LA RESURRECCIÓN DE LÁZARO
Lectura del santo Evangelio según san Juan (11, 1-45)
En aquel tiempo, se encontraba enfermo Lázaro, en Betania, el pueblo de María y de su hermana Marta. Las hermanas mandaron recado a Jesús, diciendo: «Señor, aquel a quien amas está enfermo». Jesús, al oírlo, dijo: «Esta enfermedad no es para la muerte, sino para la gloria de Dios, para que el Hijo de Dios sea glorificado por ella». Jesús amaba a Marta, a su hermana y a Lázaro.
Cuando llegó Jesús, Lázaro llevaba ya cuatro días en el sepulcro. Marta, al enterarse de que llegaba Jesús, salió a su encuentro. Dijo Marta a Jesús: «Señor, si hubieras estado aquí, no habría muerto mi hermano. Pero aún ahora sé que todo lo que pidas a Dios, Dios te lo concederá». Jesús le dijo: «Tu hermano resucitará». Marta respondió: «Sé que resucitará en la resurrección del último día». Jesús le dijo: «Yo soy la resurrección y la vida: el que cree en mí, aunque haya muerto, vivirá; y el que está vivo y cree en mí, no morirá para siempre. ¿Crees esto?». Ella le contestó: «Sí, Señor: yo creo que tú eres el Mesías, el Hijo de Dios, el que tenía que venir al mundo».

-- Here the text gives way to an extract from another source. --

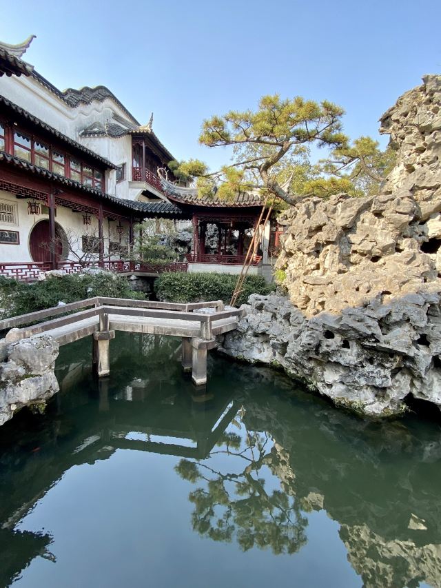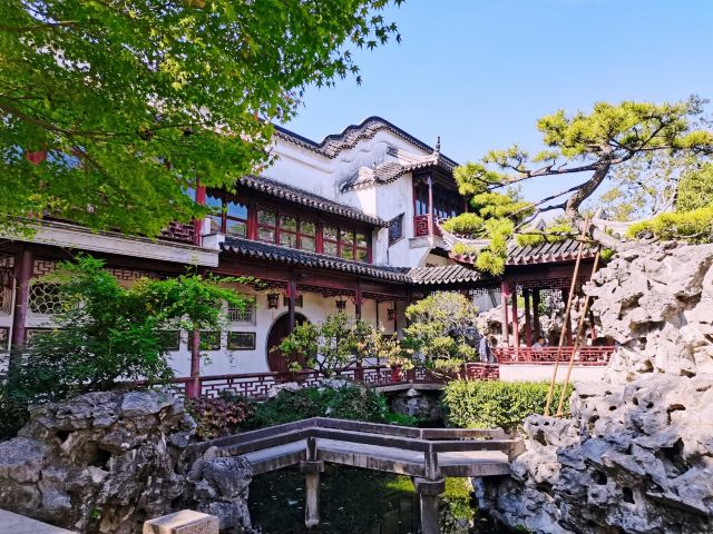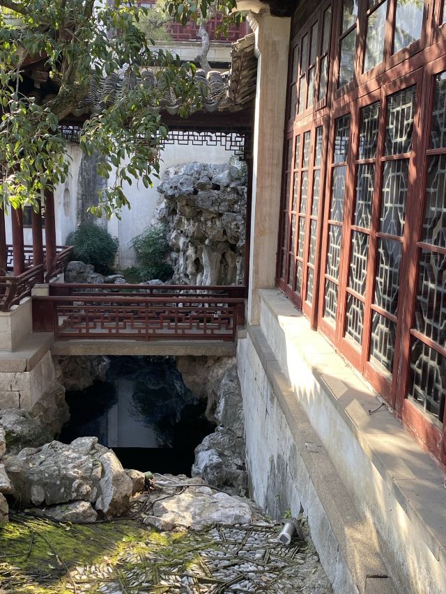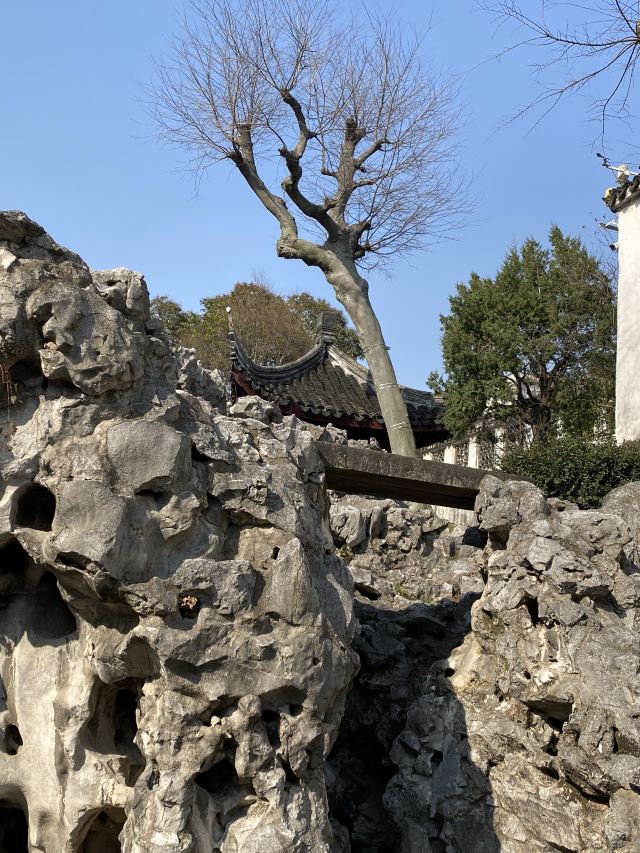 假山:山庄被列为苏州名园主要是因其假山。园内的湖石假山是清乾隆时叠山名家戈裕良所建,戈氏叠山堪称一绝,占地不过半亩,然咫尺之间,千岩万壑,环山而视,步移景易,有“独步江南”之誉。

María, cuando llegó a donde estaba Jesús, al verlo, se echó a sus pies, diciendo: «Señor, si hubieras estado aquí, no habría muerto mi hermano». Jesús, viéndola llorar a ella y viendo llorar a los judíos que la acompañaban, se conmovió profundamente y preguntó: «¿Dónde lo habéis puesto?». Le contestaron: «Señor, ven a verlo». Y Jesús lloró. Los judíos comentaban: «¡Cómo lo amaba!».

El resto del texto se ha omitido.